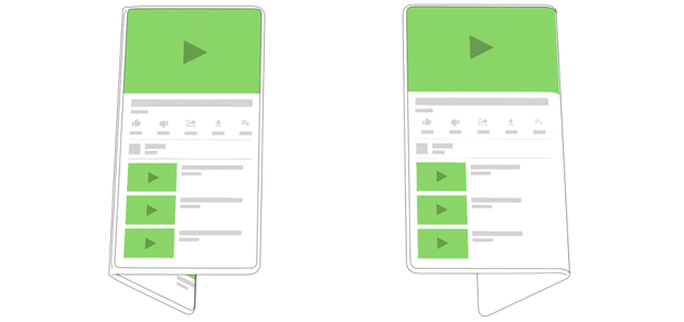 所以当三星发布了 Infinity Flex 之后,以此为基础,它们决定与 Google 联手共同开发可折叠手机软件界面,而在演示中,我们似乎已经能够看到,在交互变化之后,柔性折叠屏手机开始展现出另一种我们想象中的样子:
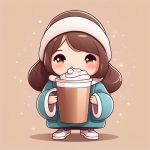 A warm colors illustration depicting a Japanese girl wearing overalls. The image features a minimalist line art style, with colors focused on pastel colors of pink and blue. This Hand drawn piece uses crayon style and colored pencil strokes, rendered on textured paper, featuring soft edges, and having a whimsical storybook style.
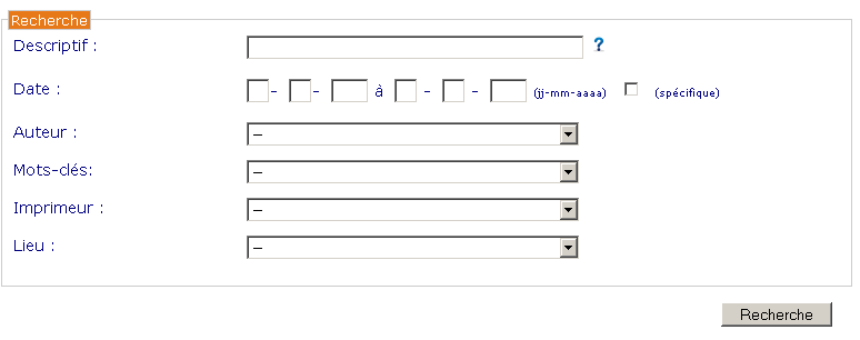 Ce champ permet de faire apparaître la liste de tous les mandements publiés par un imprimeur en sélectionnant le nom de cet imprimeur dans la liste.
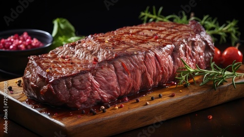 Grilled steak with melted barbeque sauce on a black and blurry background
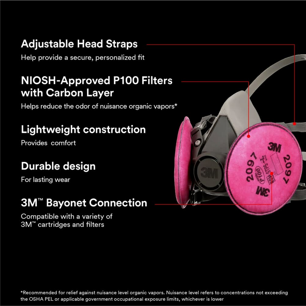 Removing lead paint and mold requires great responsibility and the appropriate respiratory protection. The 3M Odor/Particulate Reusable Respirator 6297 helps filter out airborne particles and nuisance organic vapors while you are sanding and scraping. Removing lead-based paint requires specialized respiratory protection and must be done in accordance with OSHA's Lead Standard. The NIOSH-Approved P100 filters provide at least 99.97% filtration efficiency against solids and liquid aerosols, as well as oil-based particulates. The lightweight construction and adjustable head straps help you achieve a comfortable fit. It also features a 3M Bayonet Connection, making it compatible with a wide range of 3M cartridges and filters. 3M recommended for relief against nuisance level organic vapors. Nuisance levels are less than OSHA PEL or applicable government occupational exposure limits, whichever is lower.
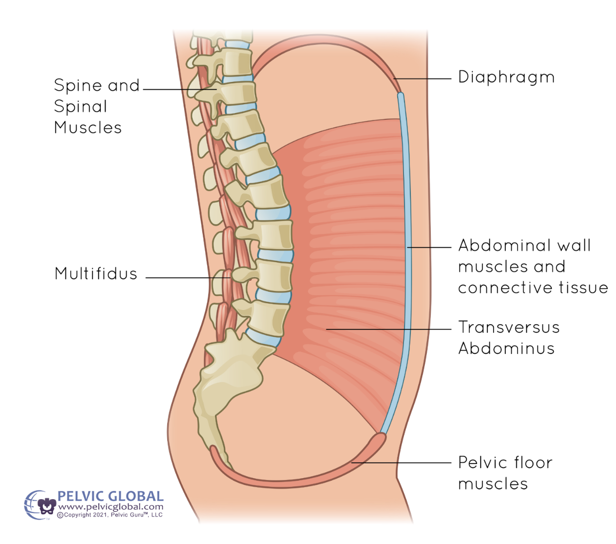 The pelvic floor works together with other muscles of the core, including the diaphragm, the multiple layers of abdominal, and the low back muscles, to function properly.
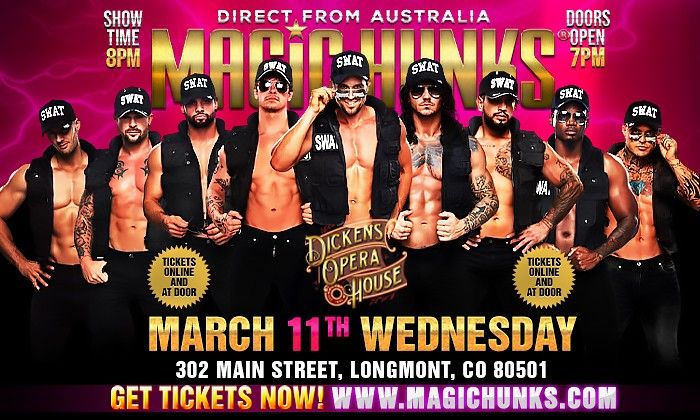 Australia’s Ultimate Girls’ Night Out is coming to LONGMONT, CO! 🔥 Get ready for the Magic Hunks Australia WORLD TOUR — hitting the iconic **Dickens Opera House for ONE NIGHT ONLY** on Wednesday, March 11th This is the best girls’ night out in Longmont, featuring a high-energy, jaw-dropping live show packed with heart-racing performances, electrifying...
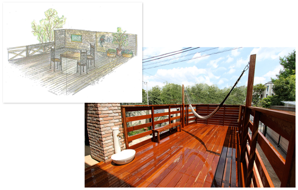 ある本に、お宅のお庭にリビングから続くようにウッドデッキを作られたという写真が載っていて。それを見たときから、いつか家を建てるときにはこんなふうにしたい!と思っていました。

+++

Leaving all pictures aside, quote each record exactly.

Result below -
 所以当三星发布了 Infinity Flex 之后,以此为基础,它们决定与 Google 联手共同开发可折叠手机软件界面,而在演示中,我们似乎已经能够看到,在交互变化之后,柔性折叠屏手机开始展现出另一种我们想象中的样子:
 A warm colors illustration depicting a Japanese girl wearing overalls. The image features a minimalist line art style, with colors focused on pastel colors of pink and blue. This Hand drawn piece uses crayon style and colored pencil strokes, rendered on textured paper, featuring soft edges, and having a whimsical storybook style.
 Ce champ permet de faire apparaître la liste de tous les mandements publiés par un imprimeur en sélectionnant le nom de cet imprimeur dans la liste.
 Grilled steak with melted barbeque sauce on a black and blurry background
 Removing lead paint and mold requires great responsibility and the appropriate respiratory protection. The 3M Odor/Particulate Reusable Respirator 6297 helps filter out airborne particles and nuisance organic vapors while you are sanding and scraping. Removing lead-based paint requires specialized respiratory protection and must be done in accordance with OSHA's Lead Standard. The NIOSH-Approved P100 filters provide at least 99.97% filtration efficiency against solids and liquid aerosols, as well as oil-based particulates. The lightweight construction and adjustable head straps help you achieve a comfortable fit. It also features a 3M Bayonet Connection, making it compatible with a wide range of 3M cartridges and filters. 3M recommended for relief against nuisance level organic vapors. Nuisance levels are less than OSHA PEL or applicable government occupational exposure limits, whichever is lower.
 The pelvic floor works together with other muscles of the core, including the diaphragm, the multiple layers of abdominal, and the low back muscles, to function properly.
 Australia’s Ultimate Girls’ Night Out is coming to LONGMONT, CO! 🔥 Get ready for the Magic Hunks Australia WORLD TOUR — hitting the iconic **Dickens Opera House for ONE NIGHT ONLY** on Wednesday, March 11th This is the best girls’ night out in Longmont, featuring a high-energy, jaw-dropping live show packed with heart-racing performances, electrifying...
 ある本に、お宅のお庭にリビングから続くようにウッドデッキを作られたという写真が載っていて。それを見たときから、いつか家を建てるときにはこんなふうにしたい!と思っていました。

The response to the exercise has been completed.